Post-sanding and cutting

Next I used a rub-on oil as a finish. I wanted a darker finish so I went with minwax brand antique oil. I just followed the directions and rubbed on a few coats with a cheese cloth.

Now the tomahawk head. After taking the head off I placed it in a plastic grocery bag with some paint stripper and let it sit for about a day, reapplying more paint remover ever few hours. Once all the paint on it was loose and flakey I rinsed it and used some steel wool to remove all the excess.

The tomahawk head after the paint was removed

The tomahawk head after the paint was removed

Next using a metal file, I ground the edges of the eye of the head (the hole that sits around the  handle) this is to make it fit a bit tighter on the handle and prevent it from scraping and splintering the handle when the head is taken on or off.

Just take enough to dull the edge

Just take enough to dull the edge

Next I decided to give my tomahawk a little more character, I wanted to patina the head making it look much older than it was. I decided I wanted a bit of an uneven patina, to me that looks more “authentic” so first I cleaned the head thoroughly with nail polish remover to get any grease or oils off of it. From this point on I was careful to never actually touch the head with my hands, I just handled it with paper towel, rubber gloves would also have worked. I then spread some mustard on the metal head, then wrapped it in paper towel and then soaked it in vinegar for about an hour. The acid from both the mustard and the vinegar forced oxidization at different rates which created a unique pattern.

Finally, a use for mustard

Finally, a use for mustard

Wrap in paper towel and soak in vinegar

Wrap in paper towel and soak in vinegar

 

What it looked like after an hour

What it looked like after an hour

I unwrapped it and rinsed it in the sink to remove all the surface rust. In my research I had seen people leaving the head in a jar of vinegar for a more even finish, if you wanted a wilder one you could use a lot more mustard and wrap it in plastic. This is a part where you can really get creative and make something interesting, there aren’t a lot ways to do it wrong.

Now that my tomahawk head had no finish on it and had already been rusting I needed to do something to make sure it wouldn’t start rusting the first time I took it outside. I was informed that the best solution was to heat it with a hair dryer and then coat it with a protective oil. So I heated it up and wrapped it in an old rag soaked in a CLP (Clean, Lube, and Protect) there are many of these on the market but I opted to use “Frog Lube” for no reason other than I had some handy. Wd-40 would likely work just as well. I then left it to soak and cool over night.

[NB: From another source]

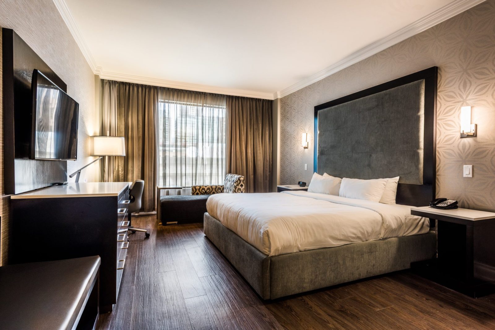 Phase 1 of the project involved interior renovations of 180 suites within the hotel including re-piping of the domestic water system. Scope included the partial demolition and re-modelling of existing rooms, with installation of new flooring, upgrading room control features and major renovations to the bathrooms and kitchenette areas. The second phase of the project included a complete renovation of the hotel spa which includes new tiles for the spa common areas, hot tub and washrooms. The current steam room was converted to an infrared sauna. New ice machines, along with renovations to the ice machine lobbies from the third to twelfth floor. The lobbies received an updated electrical distribution from a sub-panel, along with new walls tiles, luxury vinyl flooring, millwork surrounds, updated lighting and paint.

The following day I put the now completed head onto the previously completed handle, but something was still missing. So I decided to fancy up the handle a bit with a leather wrap. I could try and explain how I did it but it would be much easier to link this video that showed me how to do it.

The finished product

The finished product

I opted not to put the set-screw back in. In an emergency if I ever break the handle I can just pull the head off and use it to make a new handle.

I found that I had trouble getting the head to stop wobbling on the handle so I put a wrap of tape under it, it worked well but kinda feels like cheating… so dont tell anyone I told you. If you have any questions feel free to ask, also search online for “custom cold steel tomahawk” and you will find a lot of fancy projects and an overwhelming amount of information on the subject.


Posted in How-Towith 2 comments.

Comments

  • Jeanne says:

    Interesting Tyson. I would call what you purchased a hatchet.
    When I was young we had a tomahawk (toy ??). It was a wooden handle with bulb shaped head.
    This head was not perfectly round, it had various points on it. One could say that the head was carved as, the points were situated at various angles protruding from the head.

    I know, things change, and considering my age..thanks for the update.

    • Tyson says:

      Hmm, I would be interested to learn the difference between a tomahawk and a hatchet because to be honest I just trusted the packaging on it. I would also be curious to see what you’re describing, sounds pretty wild.